Norwegian sees smooth sail ahead as competition heats up

Chan: cruising not a zero-sum game in Asia

Norwegian Cruise Line (NCL) Holdings says it is seeing double-digit growths from the Asian market for all its three brands and expects performance to remain buoyant despite stronger competition in the cruise sector.

The global cruise company returned to Asia nearly a year ago, after an absence of some 15 years, and now has regional offices in Hong Kong, Singapore, Tokyo and Mumbai.

Chan: not a zero sum game in Asia

Felix Chan, NCL Holdings’ vice president of sales – Asia (excluding China and Australia), said overall the three brands were doing well, although one brand might do better than others in some countries, while in other markets all three might be on equal footing in their growth.

The company operates NCL, which it pitches as “contemporary”; Oceania Cruises, “upper premium” and Regent Seven Seas Cruises, “ultra-luxury”. The nett per diem is around US$150, US$300 and US$600 respectively.

Chan, interviewed in Singapore, was not worried about intensifying competition for Asian cruise passengers, pointing out that the overall industry was growing.

“It’s not a situation where I take more share and the others get less, i.e. it’s not a zero sum game.

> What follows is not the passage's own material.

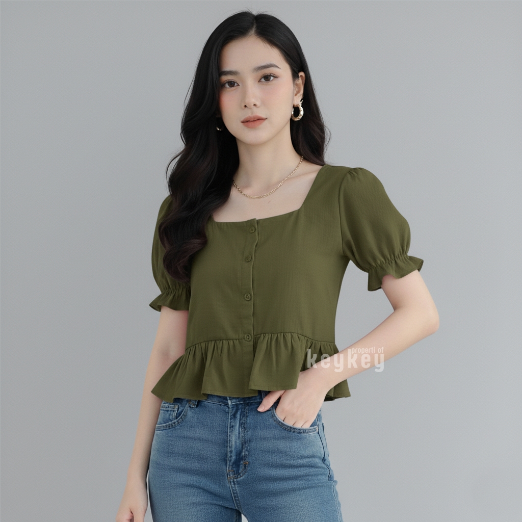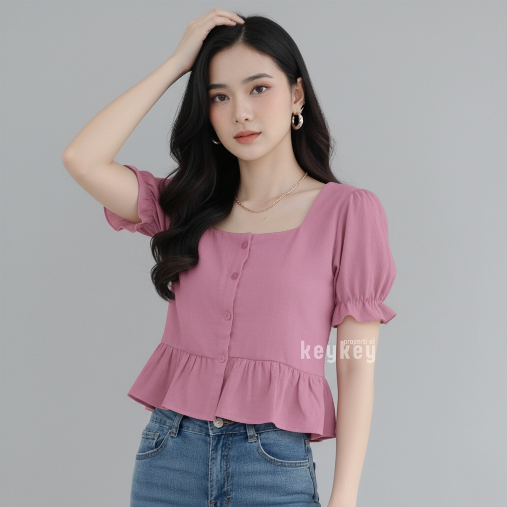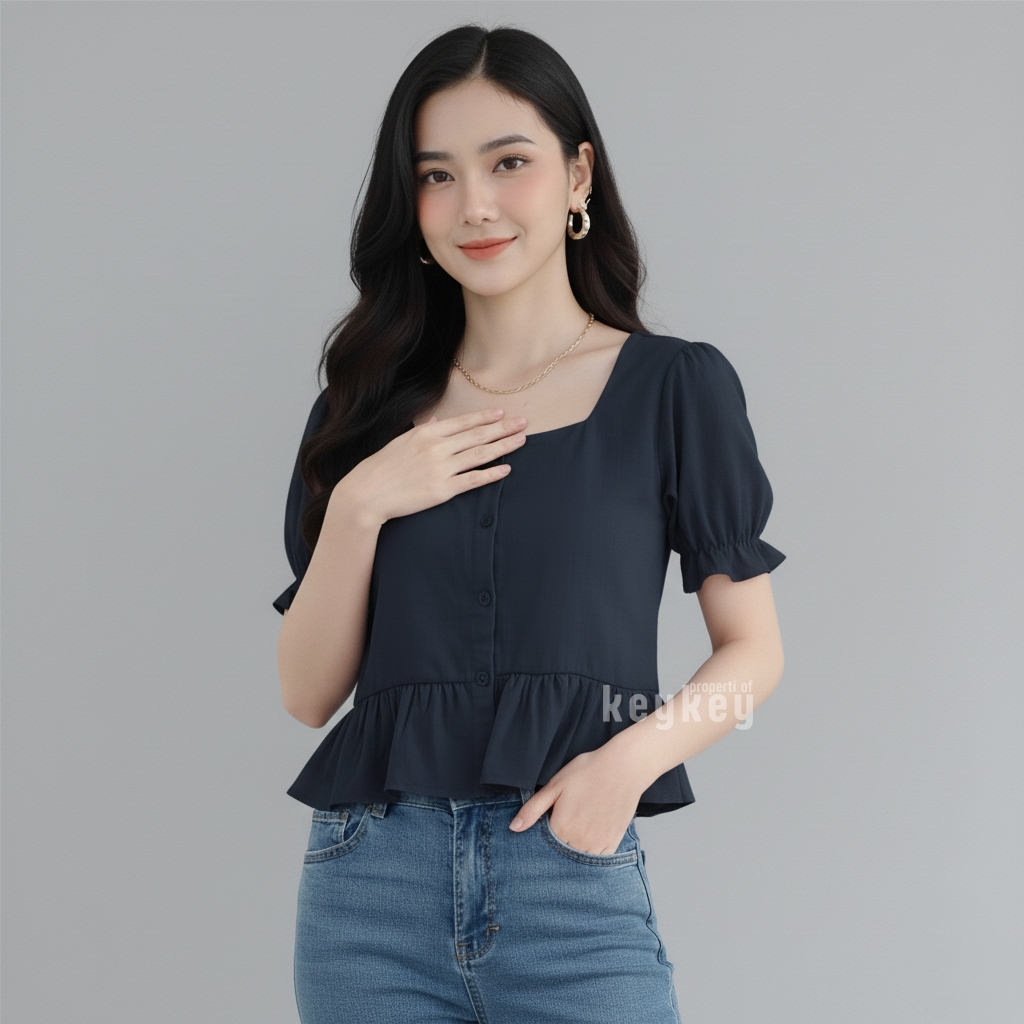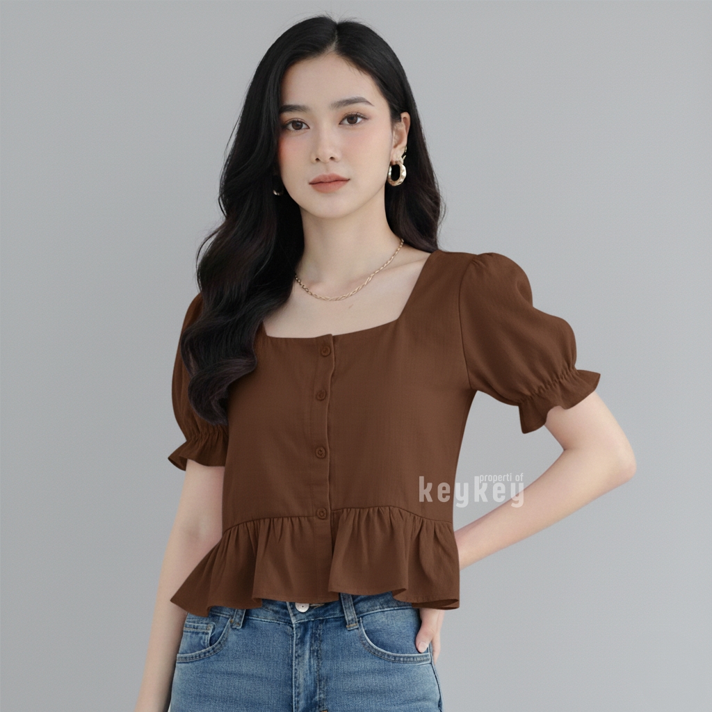 Blouse Candy Black dengan bahan wolfis premium, square neckline elegan, peplum ruffle manis & lengan puff cantik. Nyaman dipakai sehari-hari hanya Rp 36.900,-

If you look at the Asian travel industry as a whole, outbound is expanding, cruise vacation is a part of outbound travel, and its penetration is still small,” he said.

What’s more, the cruise sector has many segments it can attract, including MICE, multi-generational groups and couples, he added.

“What we have to do is to get more people to recognise the value of cruising as a vacation alternative, then the penetration will grow even more,” said Chan.

According to Chan, the value of a cruise vacation is particularly evident in places where hotel prices and transportation are expensive. Said Chan: “For example, we had received a lot of enquiries for Cuba, because it’s difficult to find very good hotels while transportation is expensive. And even when you pay high prices, you don’t get good service. But if you go on a cruise, you can go to many destinations apart from Havana, and at a lower cost. Same with places such as Hawaii and northern Europe, where land costs are expensive.

“Asians are very destination-driven, but also value-driven. If a cruise can offer better value for the budget they have, they will choose to cruise. That’s why places such as the Baltics are popular. Imagine on a land vacation, they have to book flights going to the different places.”

Travel agents are crucial in educating the value proposition to the different segments. “That’s why we have set up offices (throughout Asia); we want to reach out to agency partners,” he said.

The biggest Asian markets for NCL Holdings excluding China and Australia are Japan and India, but “Hong Kong, Taiwan and South-east Asia are growing very fast”, said Chan.

Luxury cruising is also promising. Chan said he had already seen “a number of Asian couples” booking the Regent Suite, which costs US$10,000 per day per person.